Ya'kub, muerto de vergüenza, quiso aparentar complicidad con lo que él imaginaba era una sonrisa experta, pero el efecto mundano del gesto quedó desmentido por el violento sonrojo de sus mejillas. Amr hizo como que no lo veía.

– ¿Quién no pensaría, viendo estas cosas, que no somos unos salvajes? -Dejó de hablar y torció el gesto-. A lo mejor con razón… Porque, encima, para que la cosa resultara más típica, en el primer piso del teatro, sobre el proscenio, las mujeres del harén se escondían en tres palcos cubiertos por rejas y muselinas. -Hizo un gesto displicente con la mano, como si quisiera confirmar que los egipcios se tenían merecido el apelativo y que costumbres como la de los harenes y los eunucos no hacían más que subrayar esa fama de incivilidad.

Tonterías que contaba Amr con expresión seria y sonrisa irónica. A Ya'kub le encantaba oírle hablar con su afectada voz de bajo, aunque prefiriera la forma parsimoniosa de explicar las cosas que tenía su padre.

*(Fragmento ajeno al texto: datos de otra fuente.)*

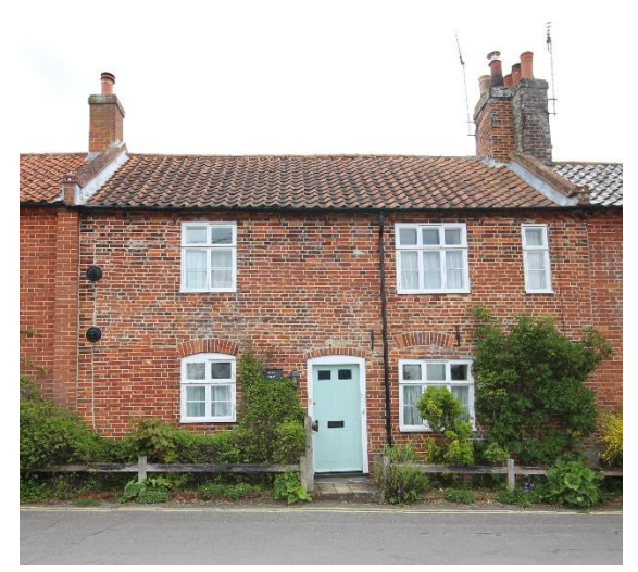
Park Lane Cottage West, Gardner Road

Park Lane Cottage West, Gardner Road (Grade II) See also: 27, Park Lane Cottage, Park Lane.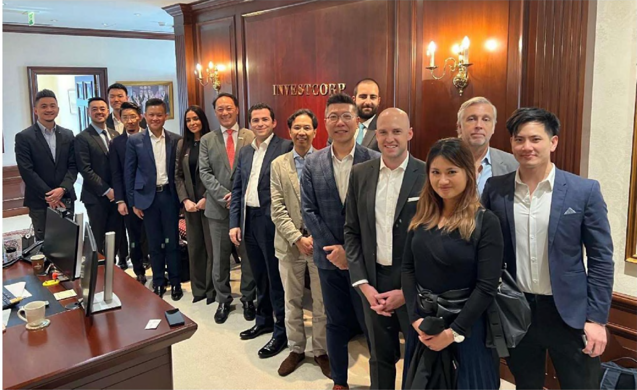
Photo 7: Representatives of InvestHK and delegates participating in a meeting with InvestCorp at their Abu Dhabi office on May 15 (Abu Dhabi time).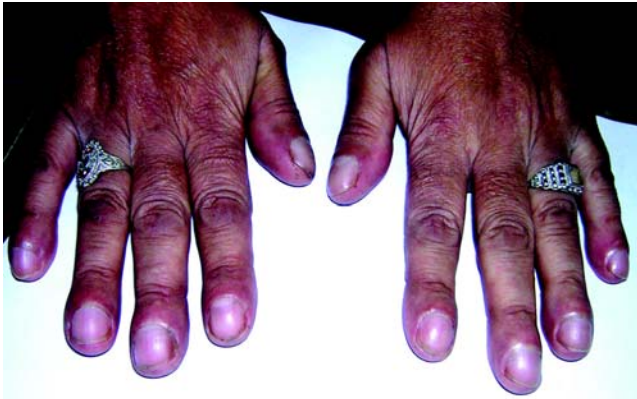
1 Cyanosis and clubbing in a patient with Osler-Weber-Rendu disease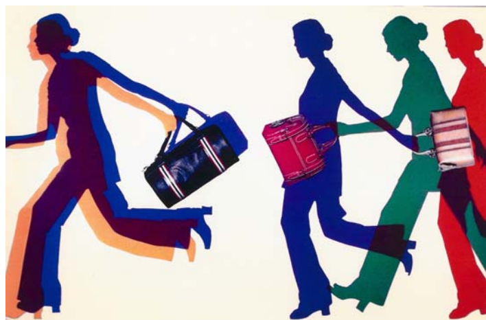
Travel Nova, 1971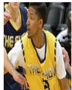
ILLEGAL - color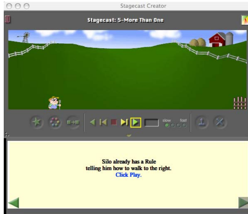
Figure 1: Stage Cast Creator 2 ™ tutorial screen shot

I argue, however, that in order to be fully literate in this mode, users must be able to create their own games. We used a simple game engine called StageCast Creator2 ™ (SCC) (www.stagecast.com). Originally created as a tool to teach programming, SCC uses a simple graphical programming scheme where learners can manipulate objects and create simulations without using a programming language. Students are able to ‘look behind the curtain’ at how games are made. SCC has drawing and graphics tools to create objects and characters, and tools to establish rules for their behaviour and relationships. SCC is also a tool for constructing interactive presentations called sims that can be quite sophisticated (see Figure 1).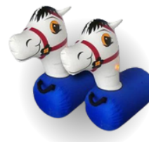
Inflatable Ponies from Best Event Rentals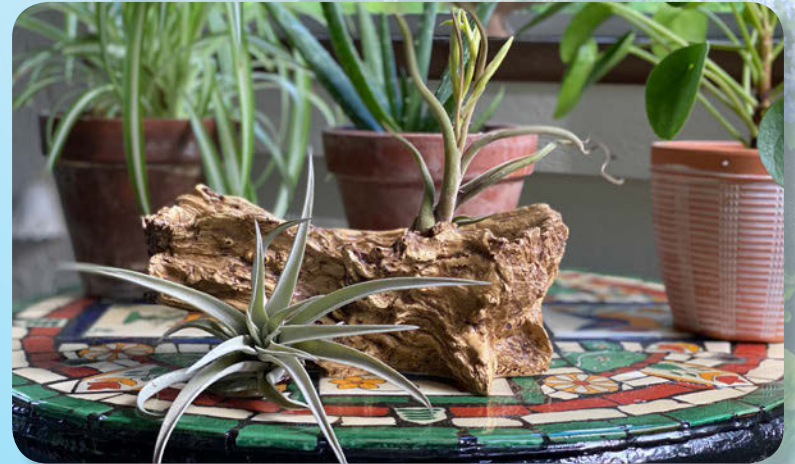
Air Plant Collection with Faux Log Container Tillandsia spp.

We aren't happy if you aren't happy. If you have any questions regarding your order please call us at 1-800-428-9726 during the hours of 8:30 am and 4:30 pm EST.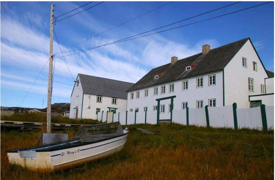
Hopedale Moravian Mission Labrador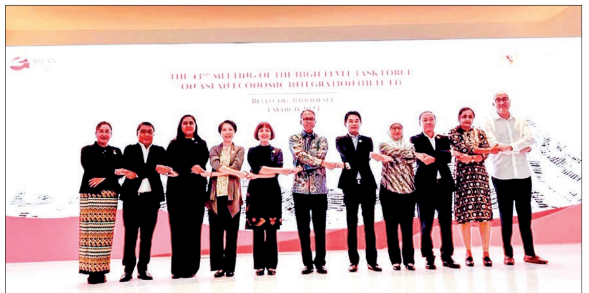
Deputy Minister Dr Wah Wah Maung takes the documentary group photo at the event in Indonesia, 1-3 March 2023.

The deputy minister discussed to consider the development gap of socioeconomy among ASEAN Member States to consider in developing of ASEAN Economic Community Post 2025 Vision, to strengthen the digital technology transformation which is important for regional development and connecting in the global value chain. She also expressed that investment in the digital sector is important for MSMEs to use broadly in this sector. She also stated that human resource development plays a vital role in the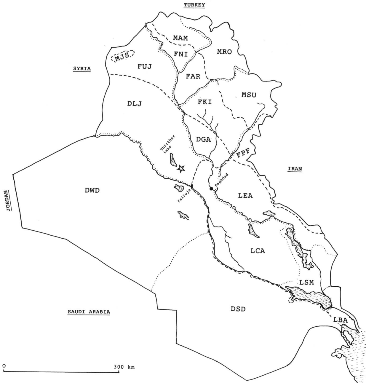
Fig. 2. — Distribution of Calligonum mejidum in Iraq.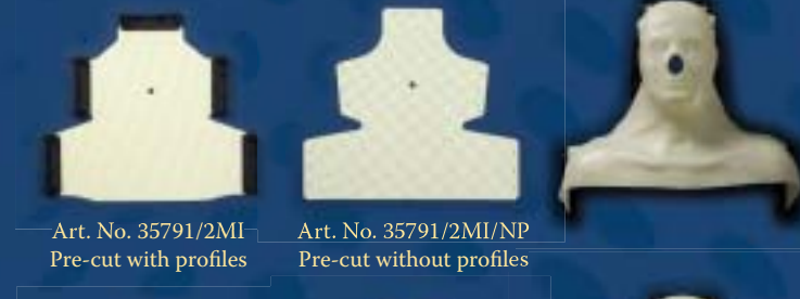
Art. No. 35791/2MI Pre-cut with profiles

Application: Head, neck & shoulders supine - IMRT Material: Efficast® Type: 5-point mask for large sized patients Thickness: 2 mm Perforation: maxi Packaging: 10 per box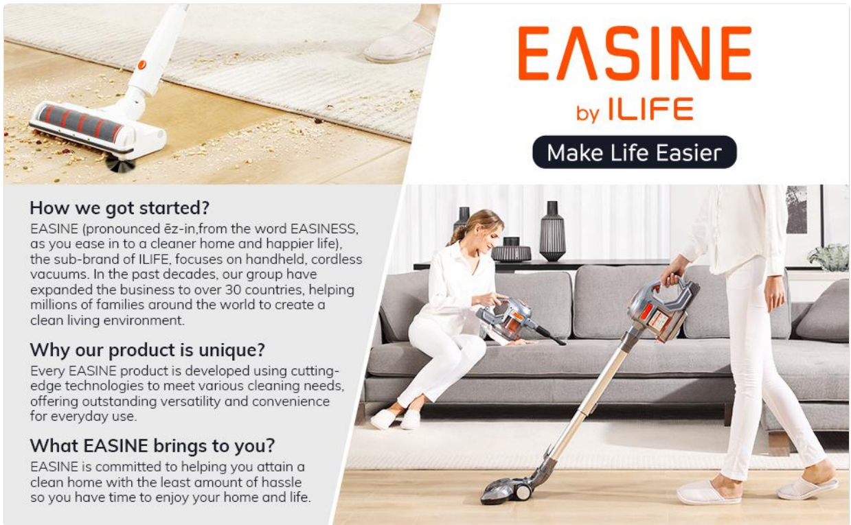
Image: The motorized floor head efficiently picks up debris with 10.5Kpa suction and integrated LED lights, illuminating the cleaning path.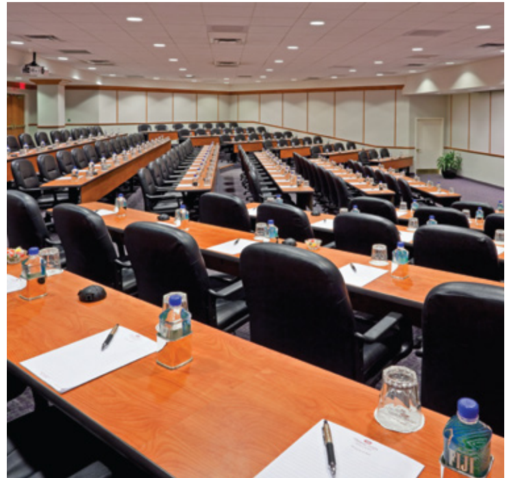
Liberty Conference Center Amphitheater

Dinner Buffet - Served in Stirling's Restaurant. Includes: Salad Bar, Soup of the Day, Two Hot Station Items, Two Hot Side Items, Chef's Selection of Desserts, Regular & Decaffeinated Coffee & Tea, Assorted Cold Bottled Beverages.

La ciudad seguía siendo pequeña cuando llegó a vivir en ella en otoño de 1921. Aún había, entremezcladas con las calles y plazas, grandes manchas de desierto, que más parecían gigantescos solares que otra cosa, y, aunque el calor era a menudo insoportable, el escaso tráfico y los numerosos jardines umbríos hacían que resultara agradable y hasta refrescante un paseo al atardecer. Desde la ventana de su habitación, en la planta superior del palacio, Ya'kub podía divisar, allá a lo lejos, al otro lado del río, las pirámides de Gizeh, solas, sin más compañía que las piedras del desierto, el sol de mediodía y la vigilante mirada de la Esfinge.

– ¿Por qué preparas en secreto tu viaje al desierto, padre? -preguntó.

– ¿En secreto? -se sorprendió. Hizo una mueca y por fin contestó con una sonrisa-. Digamos que lo preparo con discreción… Hijo, el mundo cairota es muy complicado. Hay más conspiraciones en esta ciudad que piedras tiene Luxor. Soy un hombre público. Me conoce mucha gente y eso quiere decir que tengo muchos enemigos. -Alargó su mano y le tocó levemente la muñeca-. Aquí nunca se sabe quién es un confidente honrado, quién te traicionará, quién querrá desposeerte de todo y quién te será leal. Claro que soy buen amigo del jedive Fuad y de la princesa Nazli, claro que los ingleses me respetan y que muchos cairotas preeminentes me temen. Pero nada de eso basta. Cada paso debe ser medido con cuidado, cada movimiento debe ser preparado con extrema prudencia. Que esta sea tu primera lección en cultura egipcia, Ya'kub: en Egipto no debes fiarte de nadie. Nunca. ¿Me entiendes?